_AVAILABLE DATA:_
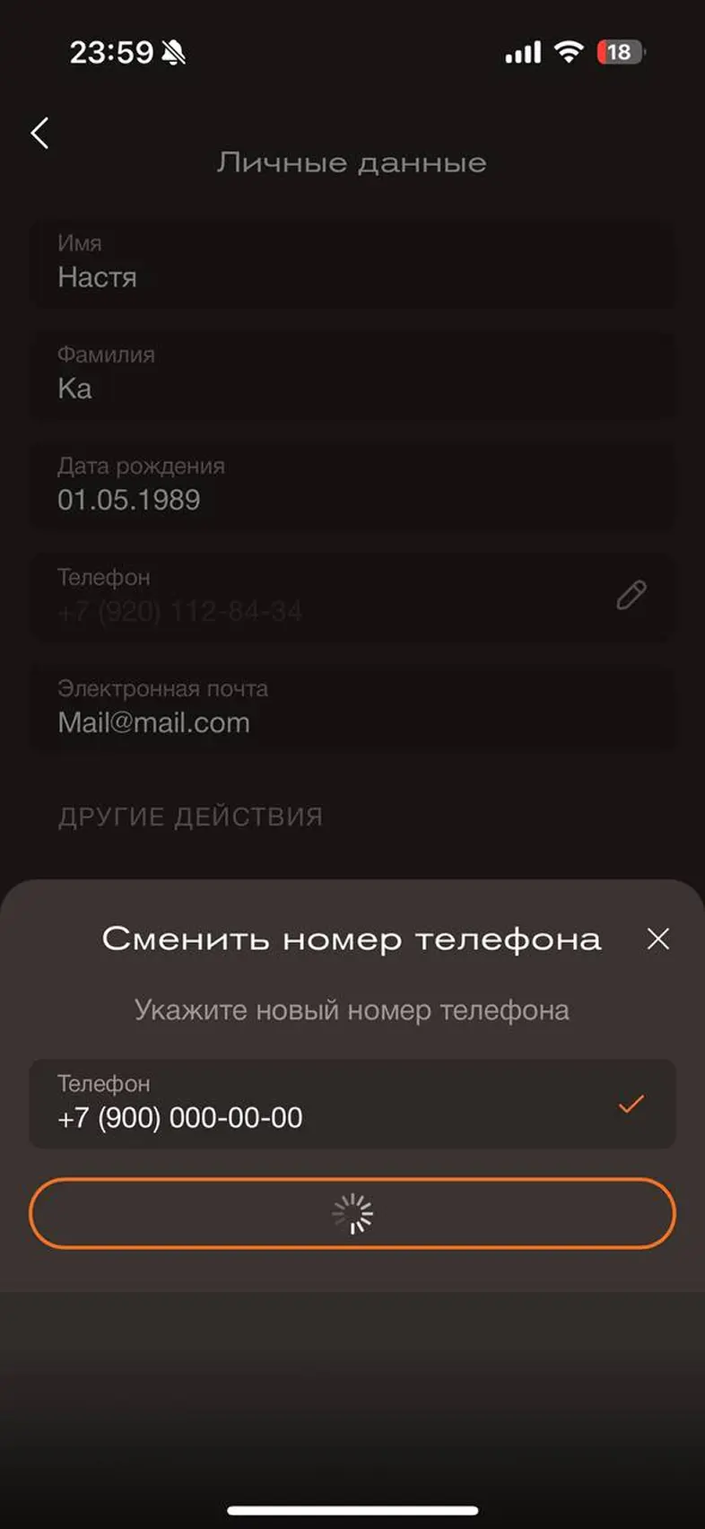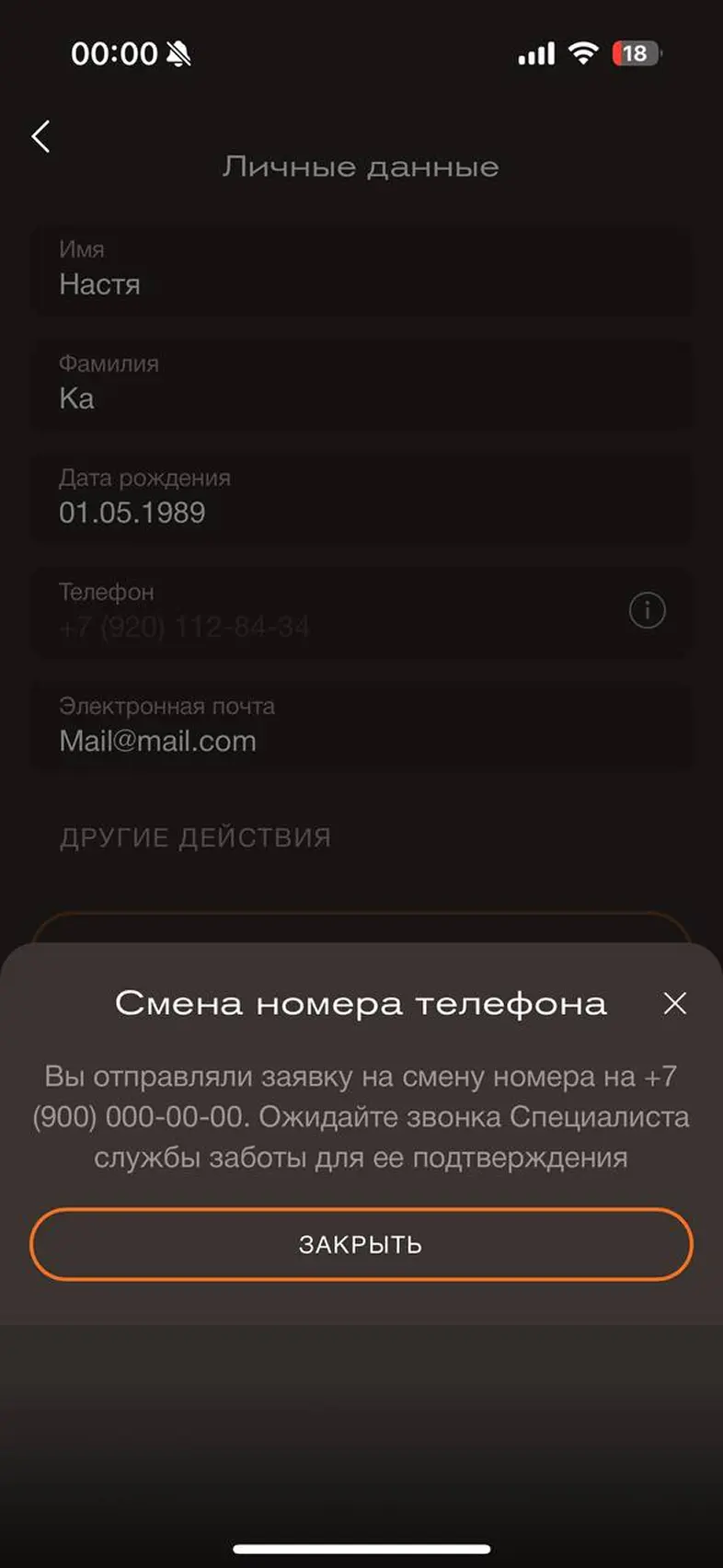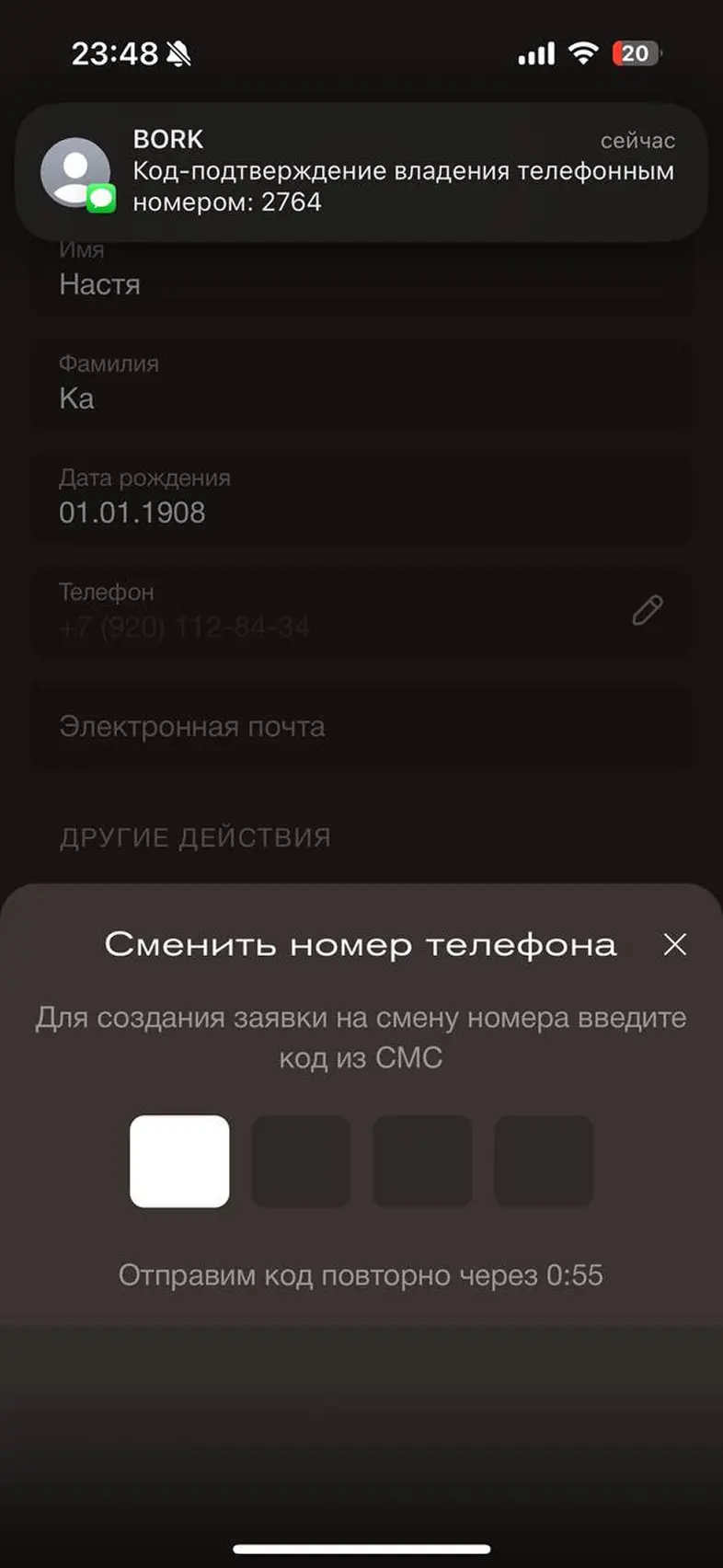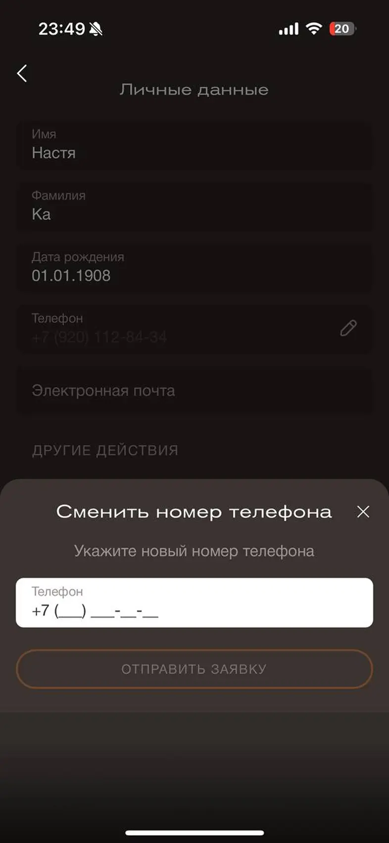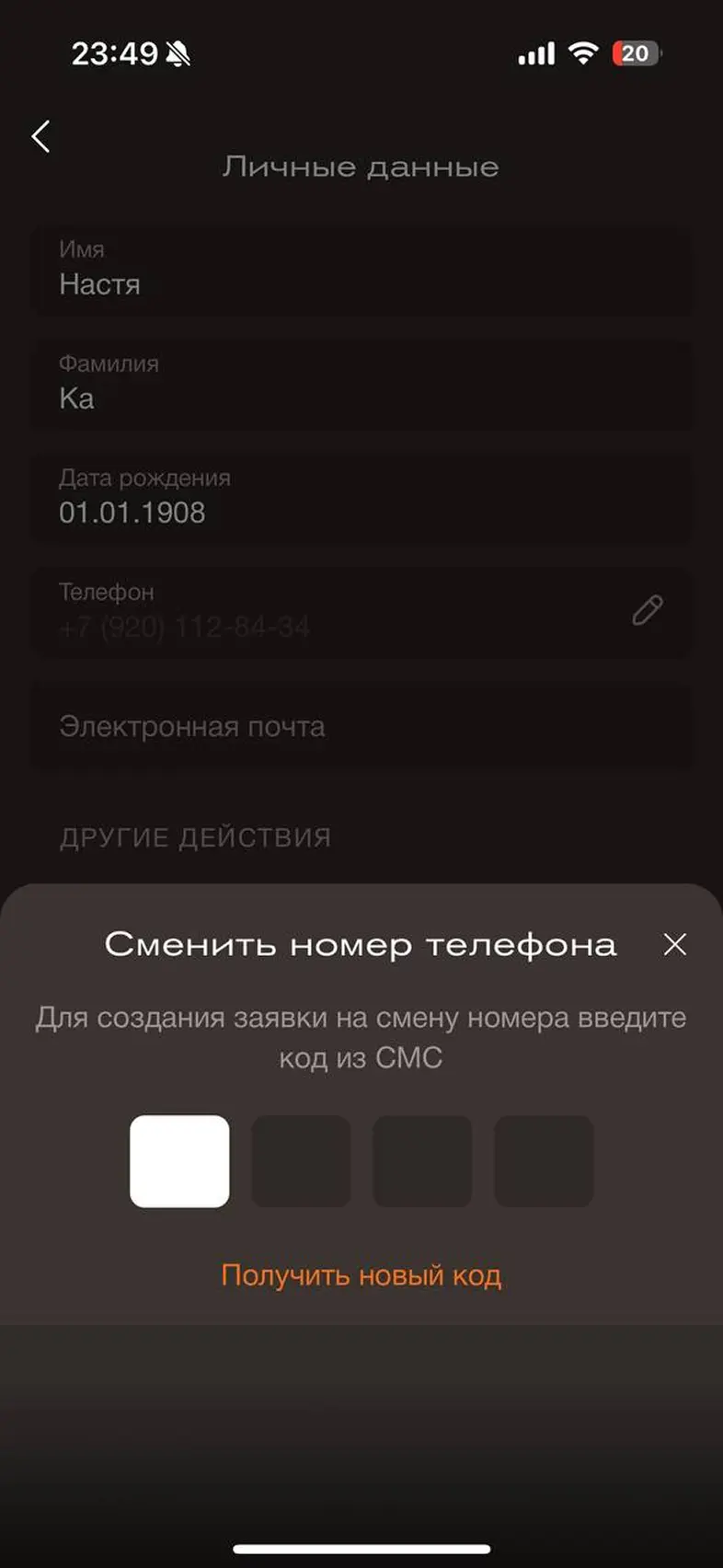 Изменить номер телефона аккаунта
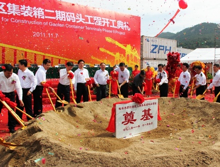 開工典禮上,何寧卡代市長(zhǎng)、楊潤(rùn)貴董事長(zhǎng)、錢乃駿總裁分別進(jìn)行了熱情洋溢的講話。他們對(duì)珠海港近幾年來的發(fā)展和成績(jī)給予了充分的肯定,并希望珠海港人能夠再接再厲,再創(chuàng)輝煌,讓珠海港成為國(guó)內(nèi)乃至世界的一流大港。隨后,珠海市委書記甘霖宣布珠海港高欄港區(qū)二期集裝箱碼頭項(xiàng)目開工。
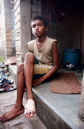 | Arunabha Pal at home after his discharge from hospital. (below, circled): Barun Pal. Telegraph pictures |

_WHAT YOU HAVE TO DO:_ With the pictures set aside, write out the whole listing exactly.

_THE COMPLETED TASK:_
 Изменить номер телефона аккаунта
 開工典禮上,何寧卡代市長(zhǎng)、楊潤(rùn)貴董事長(zhǎng)、錢乃駿總裁分別進(jìn)行了熱情洋溢的講話。他們對(duì)珠海港近幾年來的發(fā)展和成績(jī)給予了充分的肯定,并希望珠海港人能夠再接再厲,再創(chuàng)輝煌,讓珠海港成為國(guó)內(nèi)乃至世界的一流大港。隨后,珠海市委書記甘霖宣布珠海港高欄港區(qū)二期集裝箱碼頭項(xiàng)目開工。
 | Arunabha Pal at home after his discharge from hospital. (below, circled): Barun Pal. Telegraph pictures |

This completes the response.